É impossível ler Adélia e sair ileso. Seus versos costuram mística e cotidiano com uma naturalidade inquietante. Quando diz que “minha mãe achava estudo a coisa mais fina do mundo. Não é”, ela desorganiza, com doçura, o altar do mérito burguês. Quando afirma que “mulher é desdobrável. Eu sou”, ela não apenas inaugura uma linhagem — ela rasga o pano da resignação feminina com uma voz firme e terna. Há uma lucidez em sua poesia que não se dobra ao cinismo. Uma sensibilidade que não se desculpa por ser profunda. Nem por ser alegre.
Sua fé não é apaziguadora, mas encarnada. Deus, em seus poemas, não mora no céu — mora no quintal. É presença e dúvida, ternura e assombro. O corpo, por sua vez, é exaltado sem luxúria gratuita, como templo de espanto e prazer legítimo. E o amor — ah, o amor — ela quer “feinho”, real, suado, com cheiro de roupa no varal e filhos chorando ao fundo. Um amor que não posa, mas permanece.

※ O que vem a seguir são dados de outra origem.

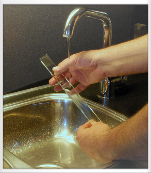 Carefully rub the glass strip with cheap soap (soap without all kinds of additives) and wash and rinse thoroughly. Pay special attention to the sides of the strip because that is where the knife edges will be. Rinse with AD and dry with tissue. From that moment on, wear gloves to prevent the glass from becoming greasy again.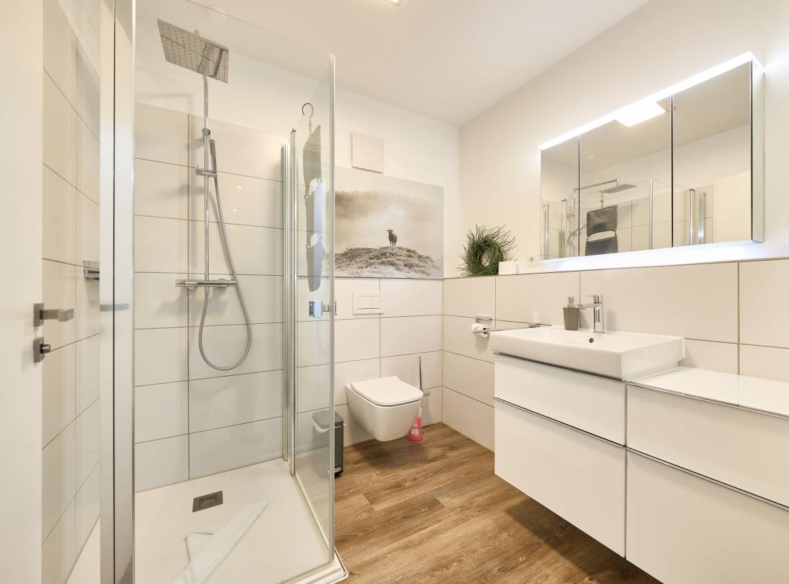 Duschbad: Modernes Bad mit ebenerdiger Dusche, WC, Handtuchheizkörper
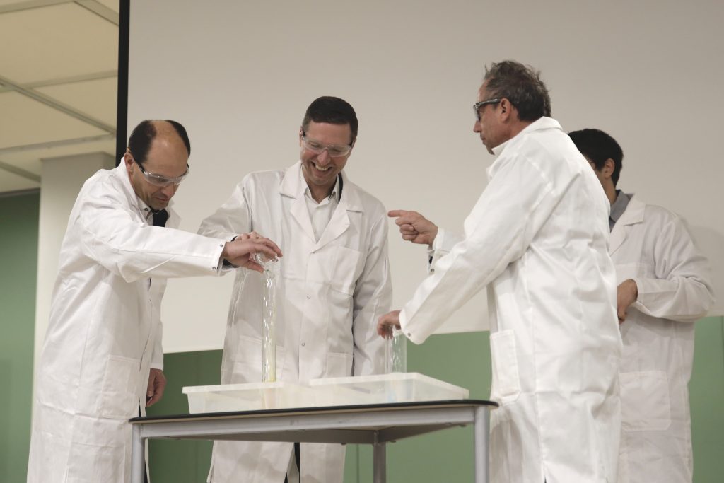 Florian Wiedemann ließ es sich nicht nehmen, gemeinsam mit dem Staatsminister Thorsten Glauber und dem Bürgermeister der Stadt Hollfeld, Hartmut Stern, unter der Anleitung der Physik- und Chemie-Lehrkräfte, OStR Heiko Müller und StR Andreas Kothmann, einen chemischen Versuch durchzuführen – selbstverständlich in der vorgeschriebenen Schutzbekleidung.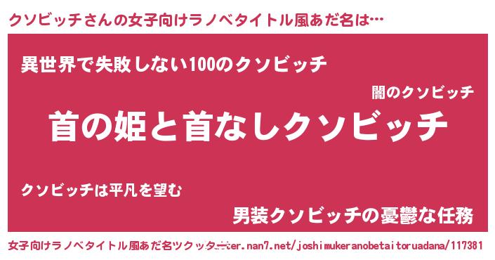 | 男性向けラノベタイトル風あだ名 | 『はたらくクソビッチさま!』 |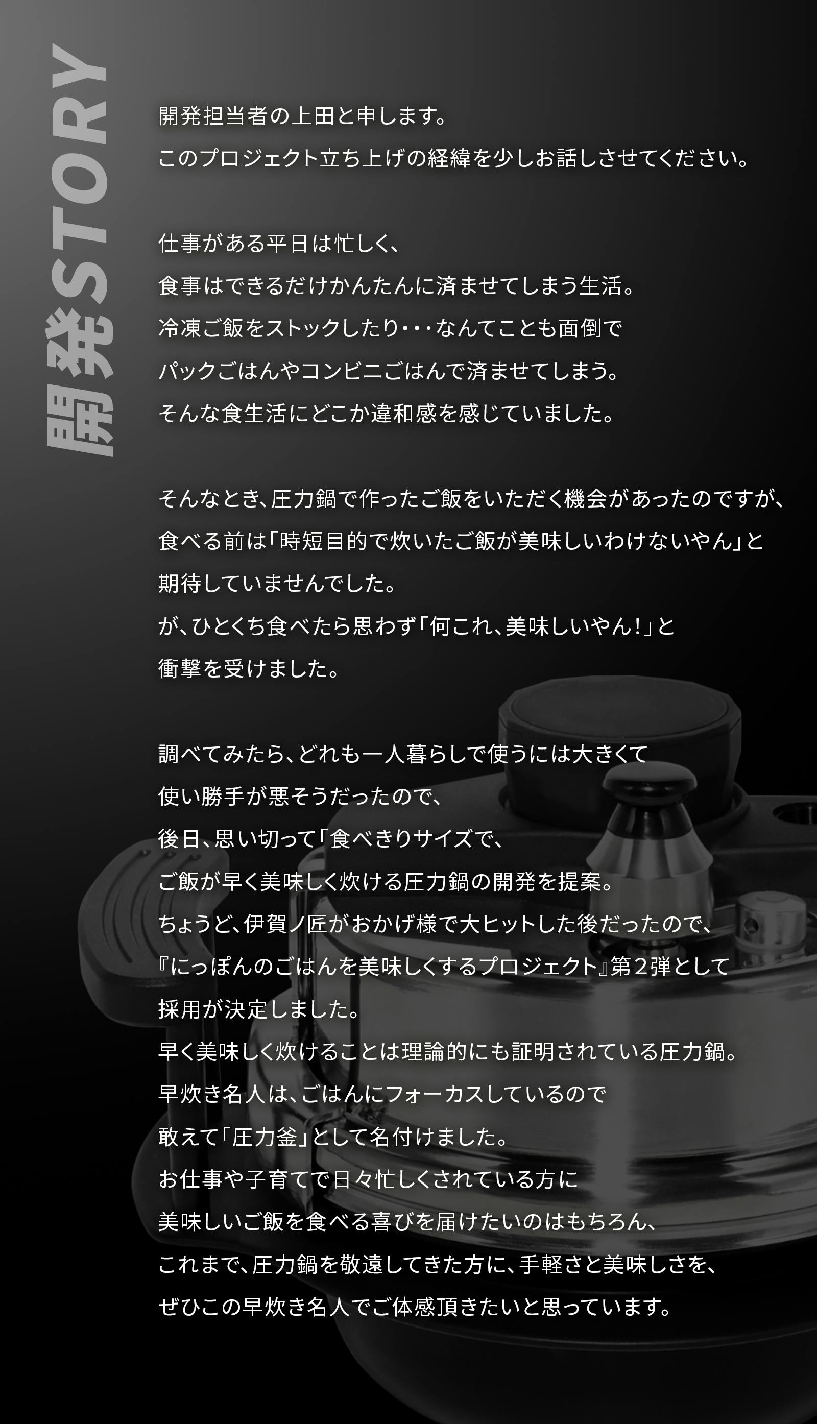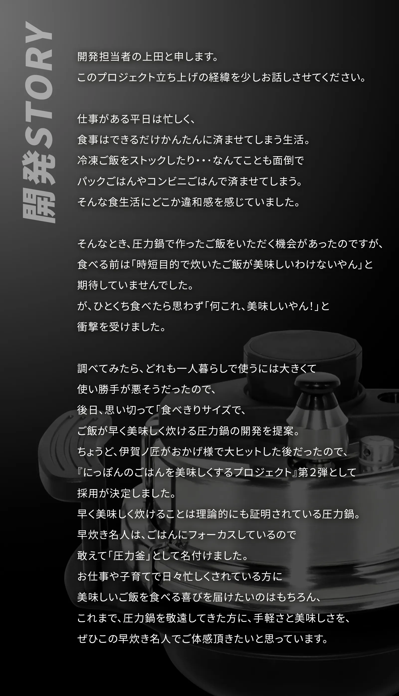 私たち「プライムダイレクト」は、お客様の「楽しく、健康に生きる」を応援するため、自社で商品を開発しテレビやWEBなど様々なメディアを通じて、日本中にたくさんの商品をご紹介して参りました。今回の「圧力釜」もまた皆様の暮らしを彩り、より豊かにすることを目指しプロジェクトに努めて参りますので、ご支援のほど何卒よろしくお願いいたします!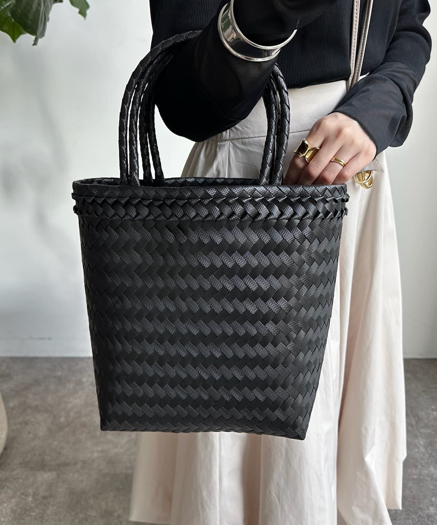 コーディネートのポイントに!大人かごバッグ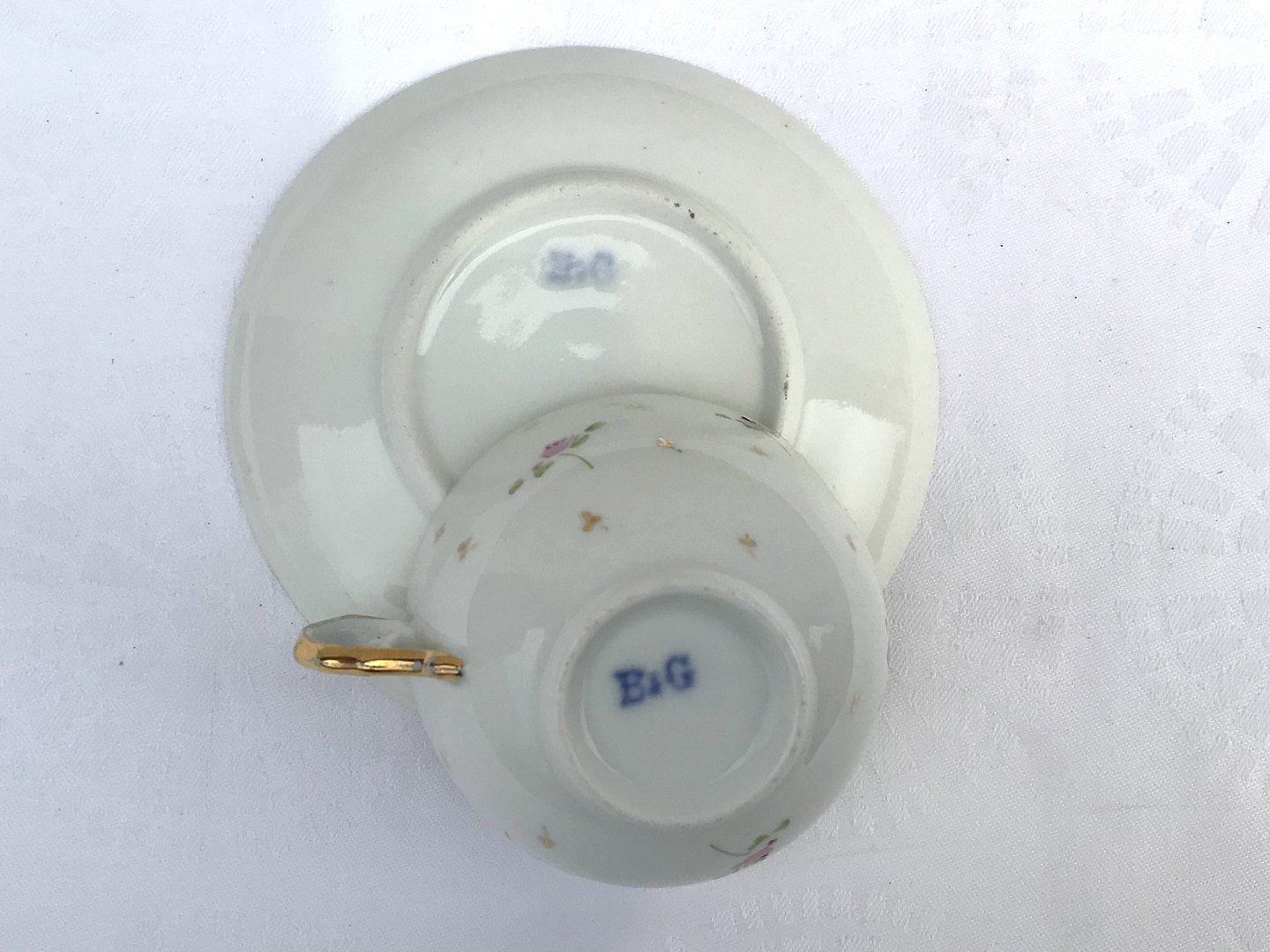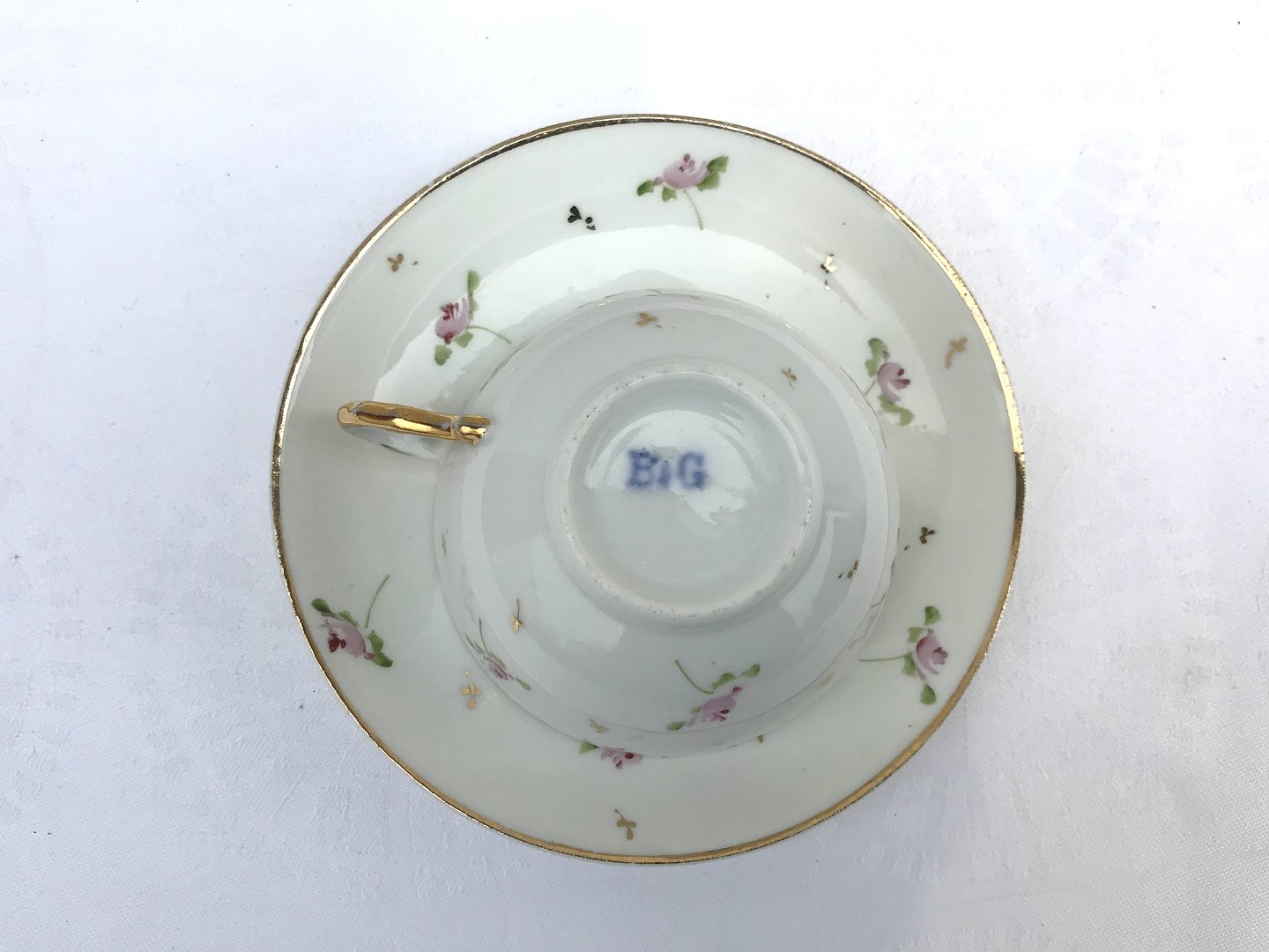 Bing & Grondahl, Cups with pink roses and gold edge, 8cm in diameter, 4.7cm high * With age-related traces of use *

Ler Adélia é entrar num espaço onde o simples é sagrado, onde a mulher não precisa pedir desculpas por pensar, gozar ou rezar. Sua poesia é feita de carne, sal, louça suja, esperança e um lirismo que não se retira da vida para existir — mas se embrenha nela com coragem e delicadeza.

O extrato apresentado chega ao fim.